# "guilt gifts" from STBXH



## amarige (Jun 6, 2011)

Okay, my divorce will be final in a few weeks and I will close on my house on Monday (refi and took H off title). He is living with OW and has been for about 6 months. Well, the past week I have received the following gifts: A shoe rack for the the mudroom (I have two girls and lots of shoes everywhere), a new weed eater and blower for yard work (I enjoy being outdoors in the yard/garden). Today is my birthday and I received a text that my STBXH has a wonderful birthday present for me but was waiting until our oldest daughter returns from her youth group trip. What gives?
Are these gifts of guilt and remorse for leaving us after almost 16 years? I have seen very little remorse, guilt, sorrow or sadness since he left.

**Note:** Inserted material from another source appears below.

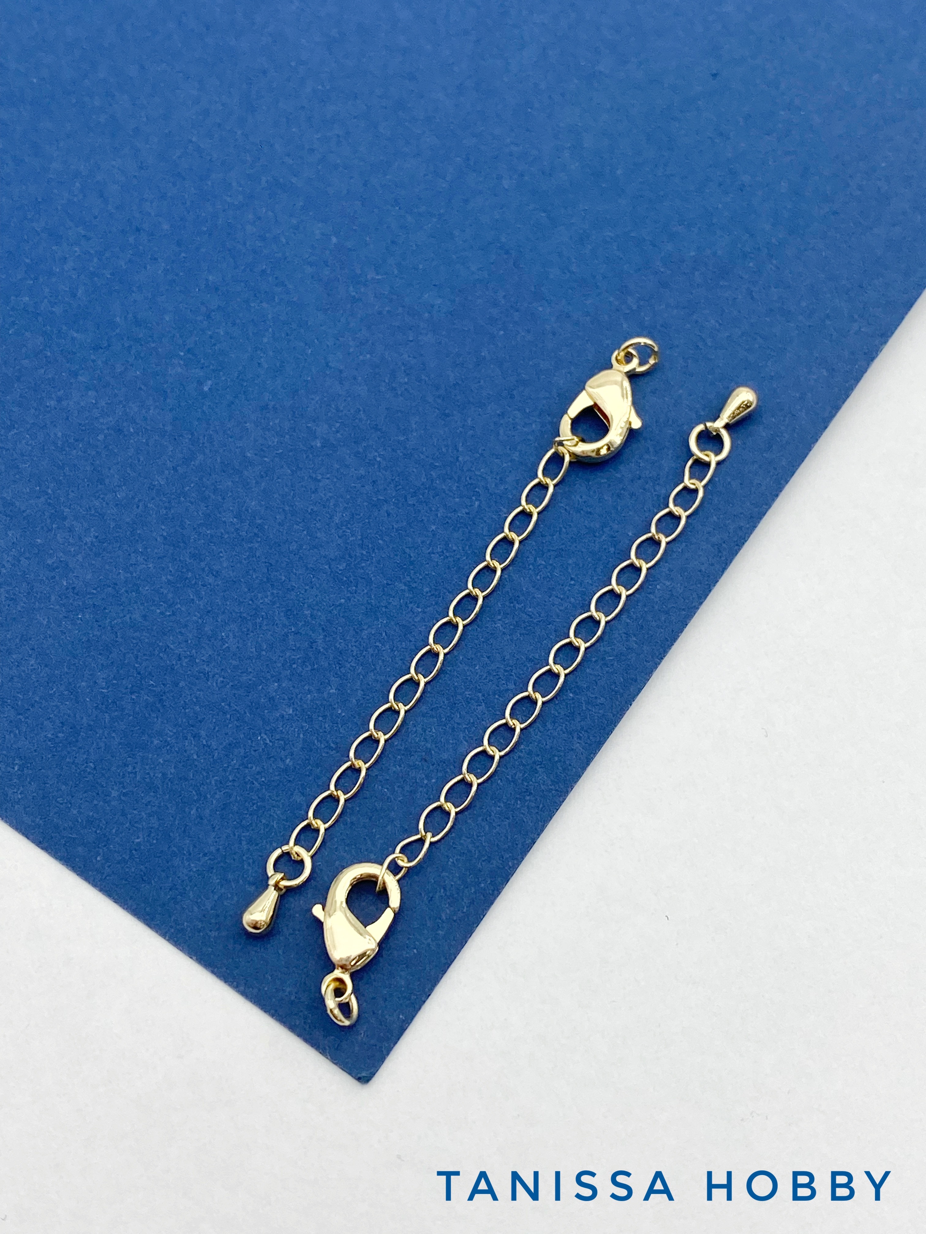 • Карабин замок лобстер 10х5мм с цепочкой удлинения, сталь, позолота, Ш319

This is messing with my head. Should I just enjoy them and say thanks or ask him why he is doing this?
Please advise


----------



## vivea (Jan 22, 2011)

very interesting..i really want to know too...hmmmm...


----------



## reindeer (Mar 24, 2011)

I would just enjoy them. Have you been pretty reasonable over the divorce. If he is happy, maybe it is a way of saying thankyou, giving you gifts that are useful, and that you can enjoy now the home is your own. 

A very simplistic way of doing things maybe- but?


----------



## Homemaker_Numero_Uno (Jan 18, 2011)

It sounds like he wants you to still be attached to him through exposure to stuff you use on every day basis. If this is the case, you can put a stop to it by asking him for gift receipts. 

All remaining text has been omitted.